Round your answers to the nearest tenth of a yard.
The length is approximately
yd.
The width?
THE LENGTH AND WIDTH WILL BE = length: 5.7 yd
width: 1.7 yd.
What is unitary method?The unitary technique involves first determining the value of a single unit, followed by the value of the necessary number of units. What can be values and units.Let's say you go to the store to buy six apples.
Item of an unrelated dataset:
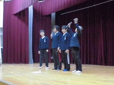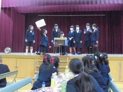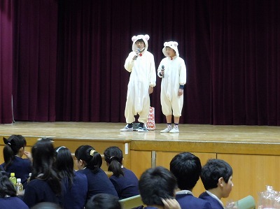 茶話会のスタートからハイテンションで、終始、笑いが絶えませんでした。普段見せない6年生の一面が見られ、とっても良かったです。でも、忙しい中、どこで練習をしてきたのでしょうか? とてもクオリティーの高い出し物でした。

You are informed by the shopkeeper that he is offering 10 apples for Rs 100. In this instance, the value and the units are the price of the apples.Recognizing the units and values is crucial when using the unitary technique to a problem.Always write the items that need to be computed on the right side and the things that are known on the left side to simplify things.We are aware of the quantity of apples and the amount of money in the aforesaid problem.According to our question-
w(w +4) = 10
w² +4w = 10 . . . . . eliminate parentheses
w² +4w +4 = 14 . . . . . . add the square of half the w-coefficient to complete the square
(w +2)² = 14 . . . . . . . . . rewrite as a square
w +2 = √14 . . . . . . . . . take the square root
2 = -2 +√14 ≈ 1.7 . . . . yards (width)
Then the length is 4 more yards than this, so is ...
length = 1.7 +4 = 5.7 . . . yards
The length and width are 5.7 and 1.7 yards, respectively.
In the attached graph, we let x represent the length. As you can see, the magnitudes of the two zeros are width and length.
HENCE,THE LENGTH AND WIDTH WILL BE = length: 5.7 yd width: 1.7 yd.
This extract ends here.